A bench is your physical setup: DUT, debugger, UART/CAN/Modbus adapters, GPIO, relays, power controllers, measurement instruments, and related resources.
A suite is what should happen: flash, reset, send commands, wait for logs, read registers, check GPIO, validate CAN frames, run bounded fuzzing, cycle power, take measurements, and assert metrics.
An Agent is the hardware-connected process that lets CI or remote users run tests without sitting next to the device.
BenchCI Cloud Mode adds workspace-aware scheduling, shared/private benches, dashboard visibility, and CI-friendly execution.
Recommended path for new users¶
Reference pages are available after the getting-started flow.
What BenchCI supports today¶
Communication:
UART
Modbus RTU
Modbus TCP
CAN
I2C (bus scan, register read/write, expect)

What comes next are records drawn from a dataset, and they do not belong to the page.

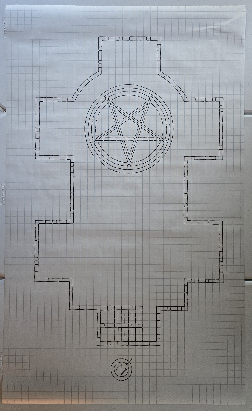 The party continued down toward the third basement, where they expected to find Bullington and Stella Brock. As they turned the stair corner they saw a gently pulsating blue light in the doorway and heard faint singing. When they arrived at the basement, they saw a floorplan similar to the previous one, but with a giant 70-foot pentagram on the floor at the far end.
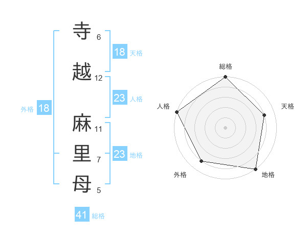 寺越 麻里母さんの天格は18画の4点!
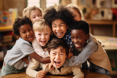 Group of joyful diverse kids showing various expressions in a classroom setting
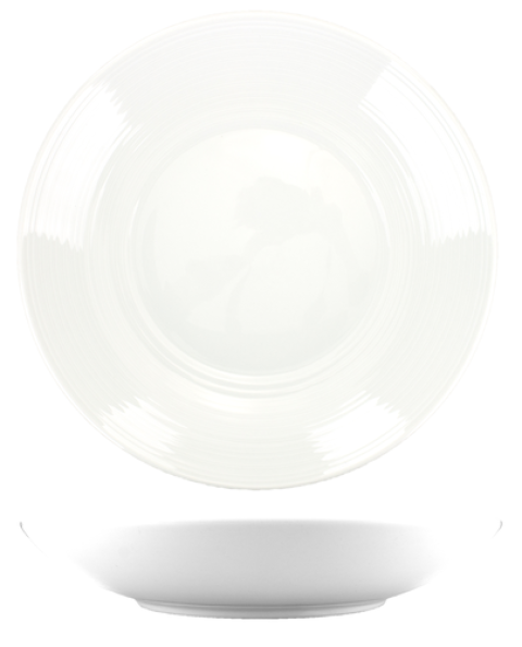 Plate, 11-1/4" dia. X 2"H, round, wide patterned rim, microwave & dishwasher safe, lead free, fully vitrified, porcelain bright white, Marzano™
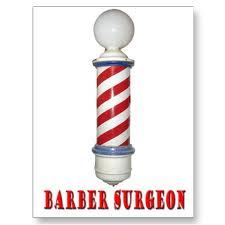 In fact, the image of the barber pole – that rotating red-and-blue striped pole outside old fashioned barber shops – is said to represent an arm being cut open so that the blood ran down.
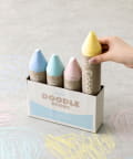 100均のチョークには無いかわいい色と持ちやすい大きなサイズ。重さが心配でしたが本人はお気に入りで夢中で描いてました。水ですぐ消えるのも良かったです。
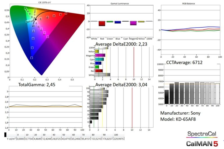 Sony levert een zo goed als perfecte kalibratie in de Bioscoop Pro beeldpreset. De grijsschaal is over de hele lijn een tikje te koel (neigt vaag naar blauw), maar daar zal je in de praktijk nooit iets van merken. De kleurweergave is erg goed, met uitzonderlijk accurate huidskleuren. Het is dan ook een plezier om tv te kijken op dit toestel.
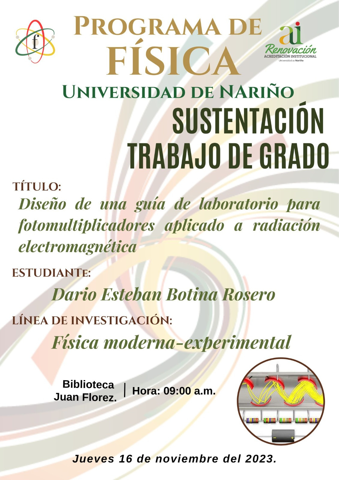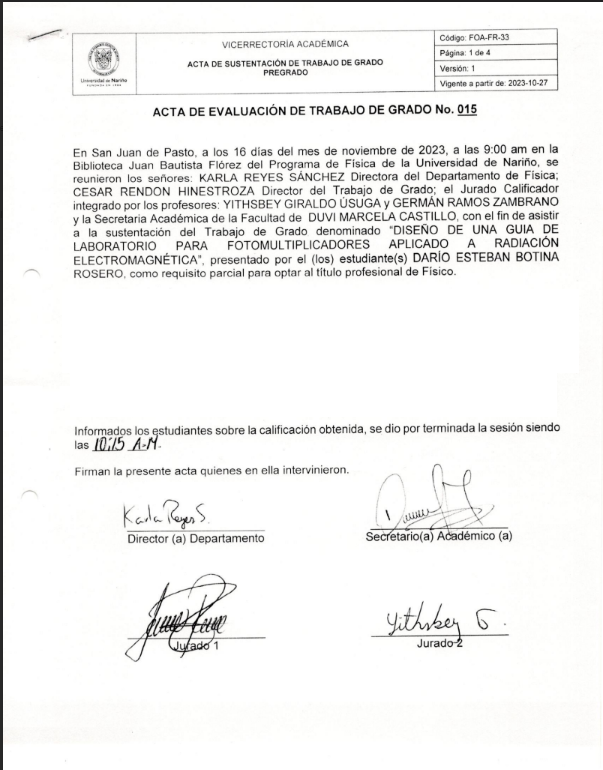 Estudiante: Botina Rosero, Dario Esteban Y Director: Rendon Hinestroza, Cesar (2023) Diseño de una guía de laboratorio para fotomultiplicadores aplicado a radiación electromagnética. Project Report. Universidad de Nariño, Pasto, Colombia. (Unpublished)
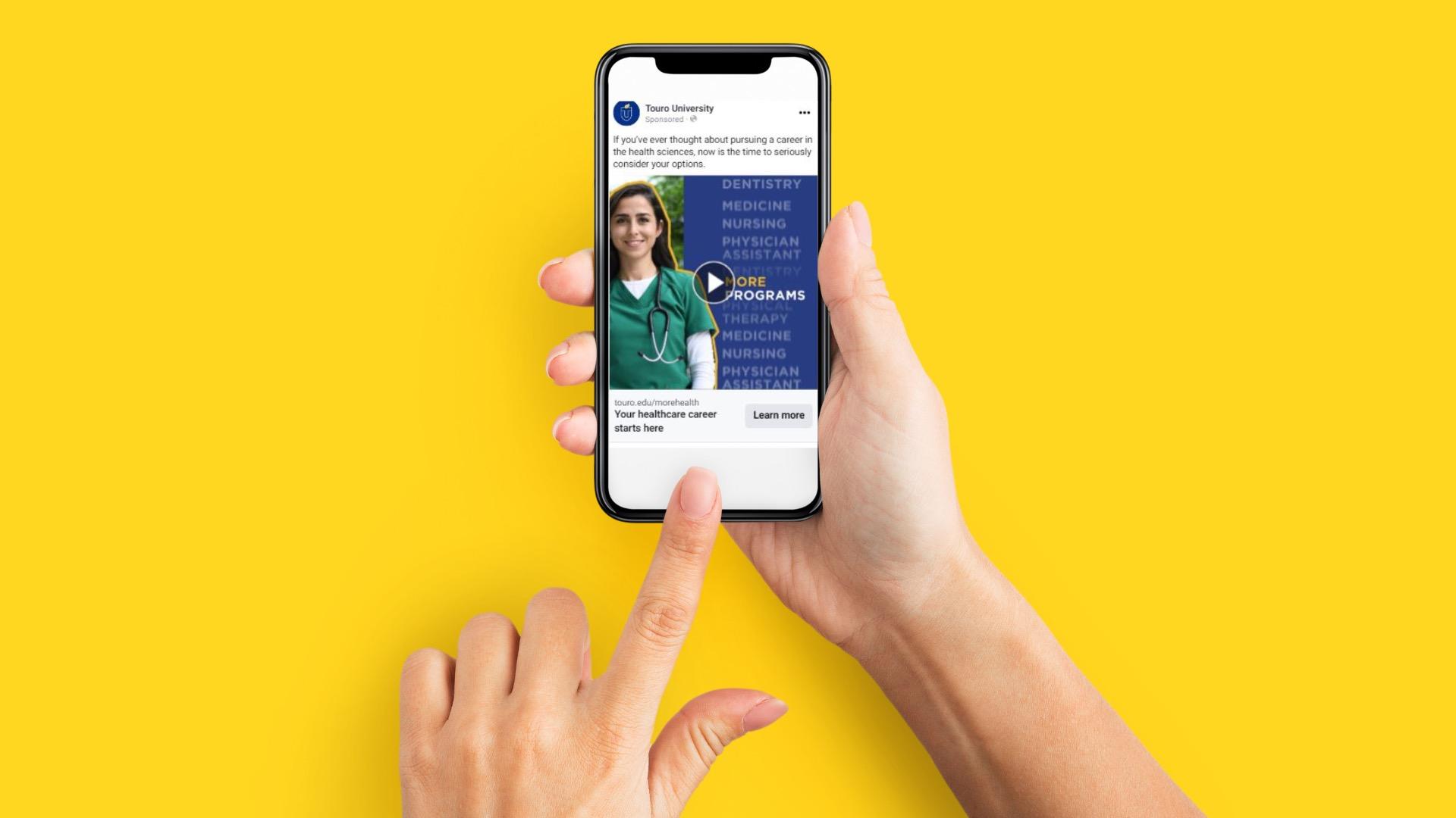 A 15-second video ad targeted undergrads in the sciences and undergrad advisors, with retargets from the website and those who engaged with Touro on social media.
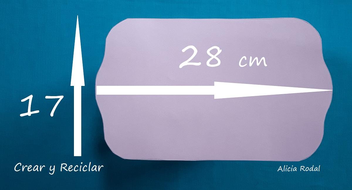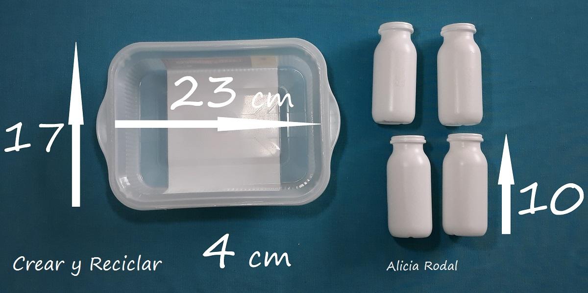 El envase de plástico que yo reutilicé es un rectángulo que mide: 23 cm de ancho, por 17 de largo, por 4 centímetros de profundidad.
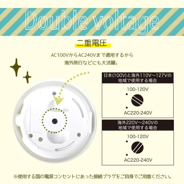 AC100VからAC240Vまで適用するから海外旅行などにも大活躍。
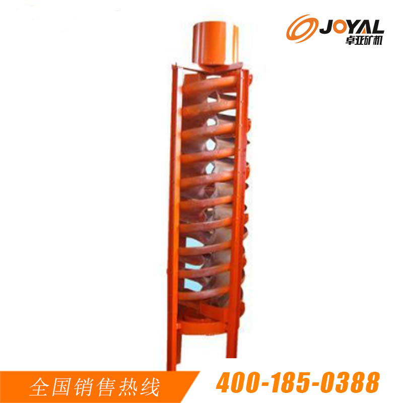 聽 螺旋溜槽的螺旋槽的设计材料为玻璃钢,并且螺旋槽的内表面还涂有耐磨材料,保证了螺旋溜槽的耐磨性以及较长的使用周期。并且还可以根据用户的具体需要,做成不同的层数。一般常用的有单头,双头,三头以及四头等几种不同的结构。
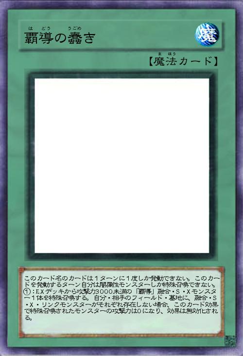 | このカード名のカードは1ターンに1度しか発動できない。このカードを発動するターン自分は闇属性モンスターしか特殊召喚できない。①:EXデッキから攻撃力3000未満の「覇導」融合・S・Xモンスター1体を特殊召喚する。自分・相手のフィールド・墓地に、融合・S・X・リンクモンスターがそれぞれ存在しない場合、このカード効果で特殊召喚されたモンスターの攻撃力は0になり、効果は無効化される。 | |||
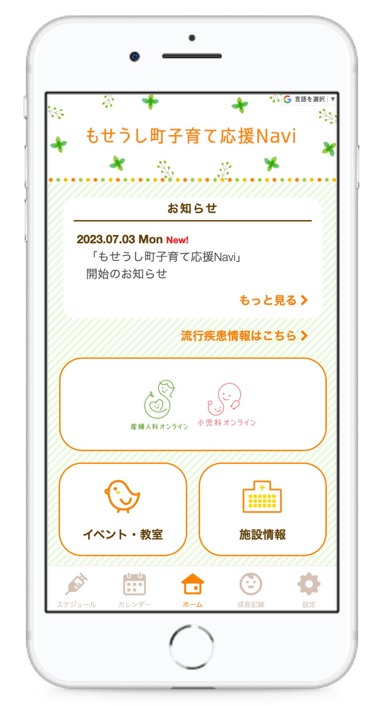 この度、健診・予防接種等のタイムリーな情報提供と、個人管理機能を有する町の情報発信アプリ「もせうし町子育て応援Navi」が導入されることになりました。子育て世代が必要な情報や適切な相談につながることができるよう、「もせうし町子育て応援Navi」をどうぞご活用ください。
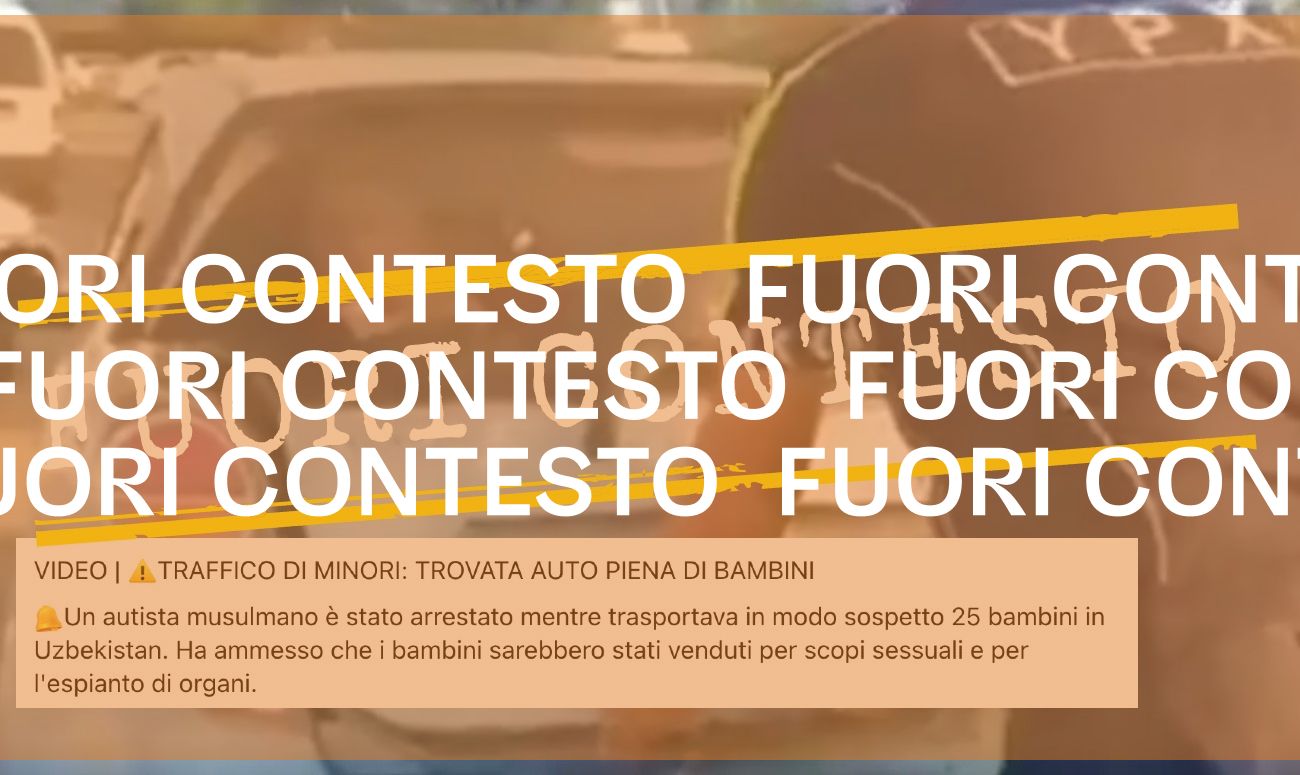 Il filmato è accompagnato da un commento, scritto dall’autore del post, che afferma che la scena mostrerebbe l’arresto di un «autista musulmano» mentre trasportava «in modo sospetto 25 bambini in Uzbekistan». L’uomo, si legge ancora, avrebbe ammesso «che i bambini sarebbero stati venduti per scopi sessuali e per l’espianto di organi». Lo stesso contenuto è stato pubblicato su TikTok.
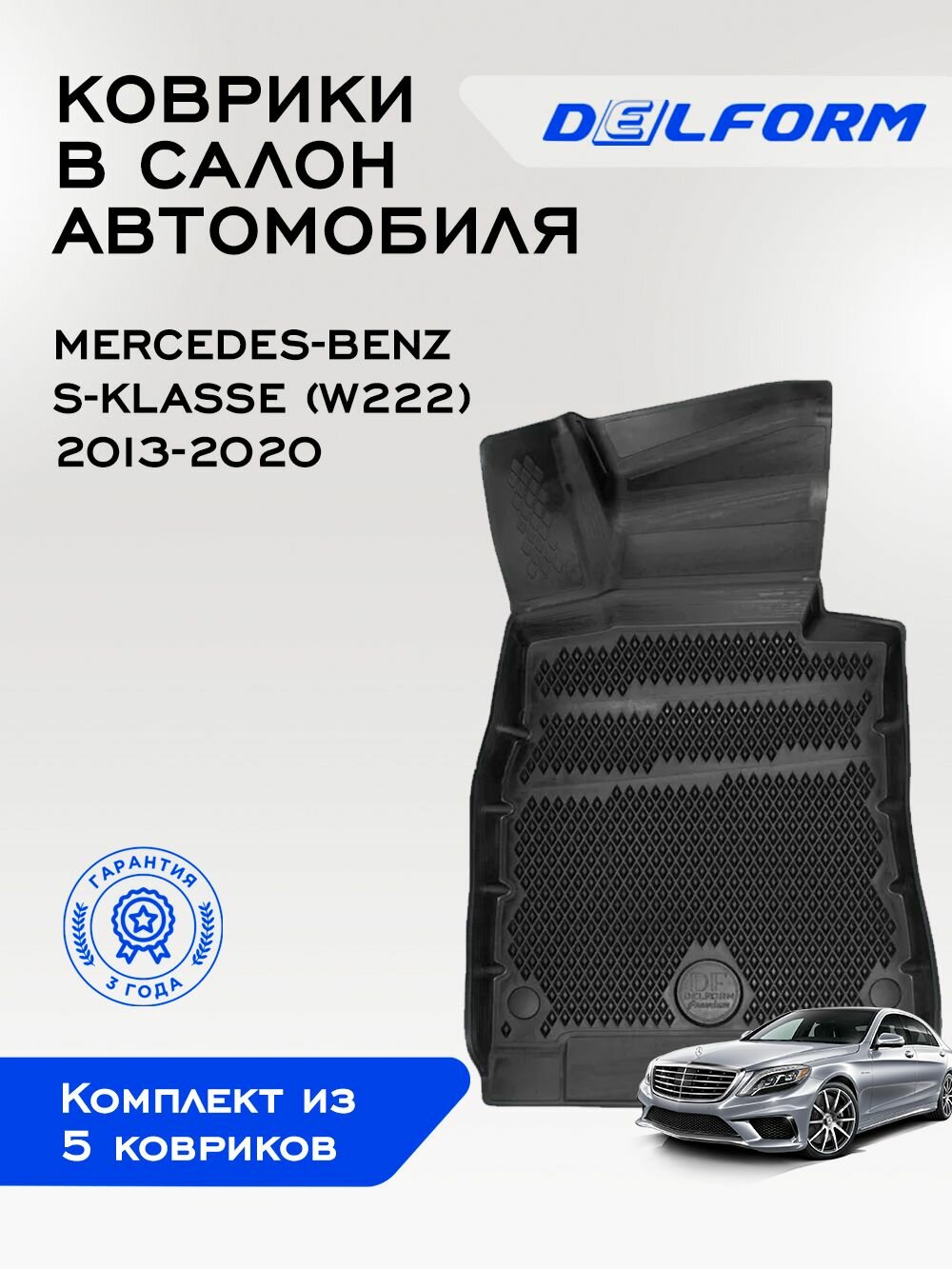 Купить Коврики в Mercedes-Benz S-klasse (W222) (2013-2020) Premium, Мерседес Бенц с бортами и ячейками Delform
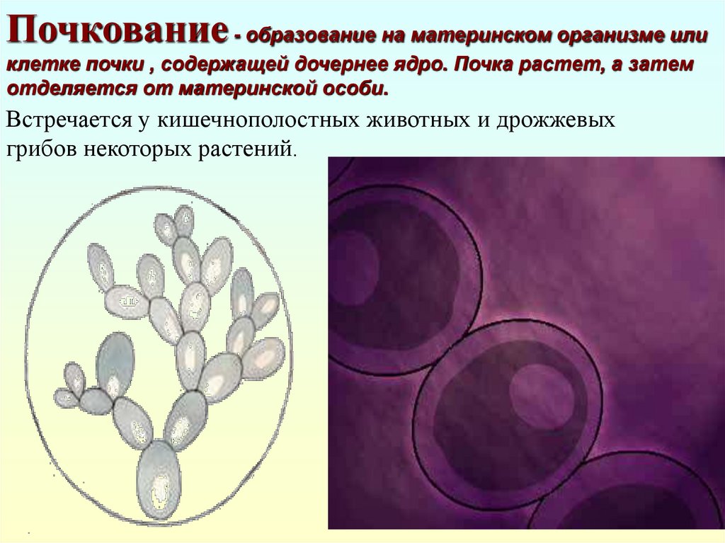 Почкование - образование на материнском организме иликлетке почки , содержащей дочернее ядро. Почка растет, а затем
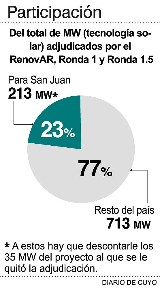El Parque Solar Sarmiento salió adjudicado en la primeras rondas del Renovar, dentro de un lote de siete proyectos sanjuaninos (ver infografía) en los departamentos de Ullum, Sarmiento, Albardón e Iglesia. Entre todos iban a requerir una inversión privada de 270 millones de dólares, e iban a aportar en conjunto 213 MW de potencia eléctrica, el 44% del total de la demanda de San Juan que suele alcanzar en las siestas de verano los 480 MW. La provincia, en la licitación del Renovar 1.5 había conseguido el 23% de los 926 MW adjudicados en todo el país. Más tarde, en la Renovar 2; logró con 3 proyectos insertar 272 MW de energía solar, el 34% de los 816 en total que se distribuyeron en Argentina. La caída del proyecto de Soenergy no mueve mucho la aguja, ya que sólo resta 35 MW.
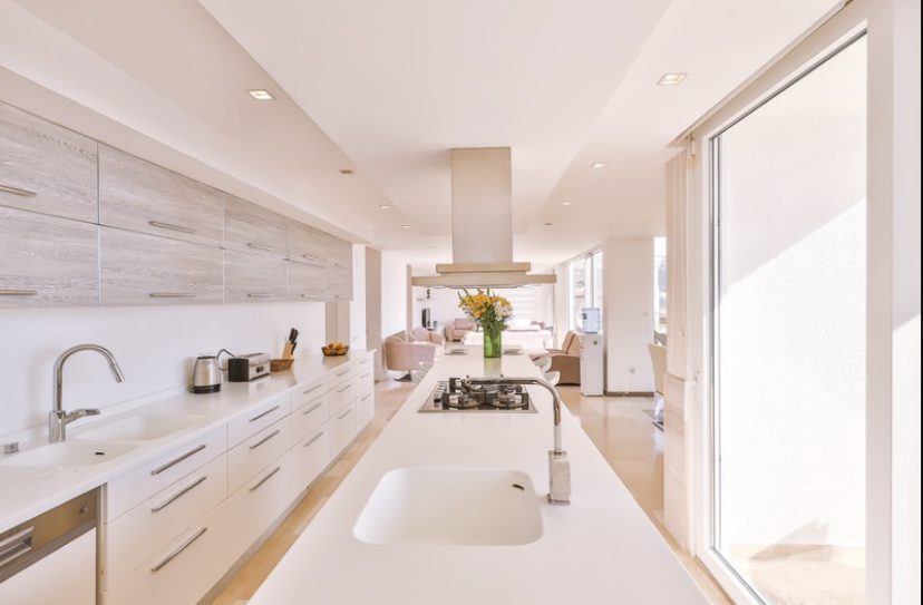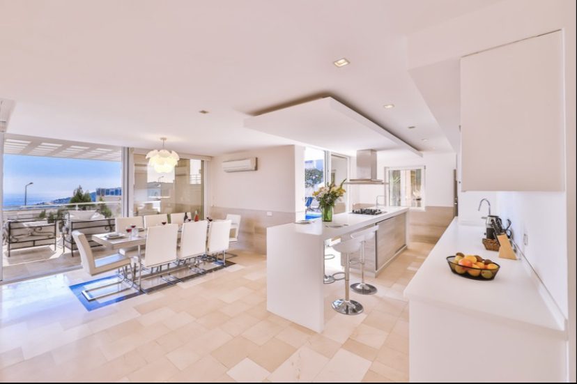 - Spacious open-plan living area with modern kitchen and sea views
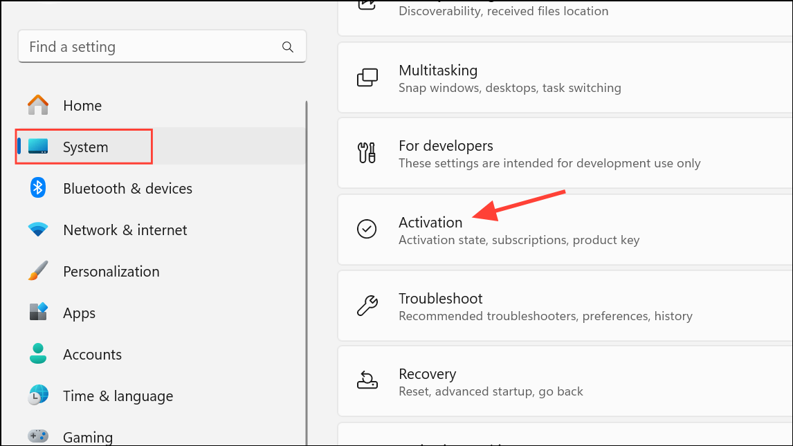 Step 2: Navigate to System and select Activation. On this screen, Windows displays your current activation status and any error messages.
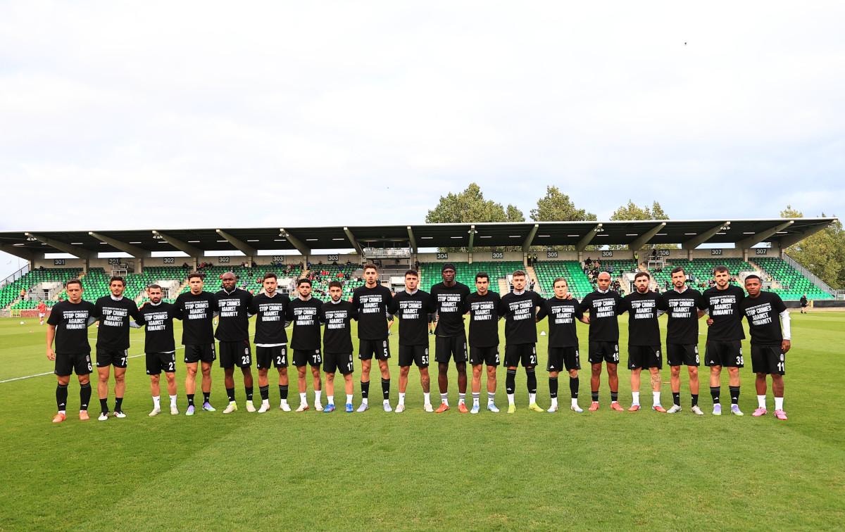 Beşiktaşlı futbolcular, St. Patrick's maçı öncesinde ısınmaya Gazze'ye destek tişörtleriyle çıktı.

SPI (full-duplex transfer, expect)
bounded UART/CAN/Modbus protocol fuzzing
experimental allow-listed power, GPIO, and malformed-UART-byte fault injection
Flashing:
OpenOCD
STM32CubeProgrammer
SEGGER J-Link
esptool
Control:
Linux GPIO
remote GPIO through Agent
GPIO-backed power control
HTTP relay control
serial relay command maps
Power control is exposed through bench-level resources, so suites use generic steps such as power_cycle while bench.yaml defines the concrete GPIO, HTTP, or serial relay backend.
Measurements:
HTTP/lab-controller measurement resources
SCPI measurement resources over TCP/IP, serial/RS232, and USB/VISA-style instruments
SCPI power-supply current/voltage readback with conservative presets
I2C power-monitor measurements
script and serial measurement resources
recorded metrics and threshold assertions
Measurement follows the same bench-level resource pattern, so suites use generic measure steps while bench.yaml defines the concrete measurement backend.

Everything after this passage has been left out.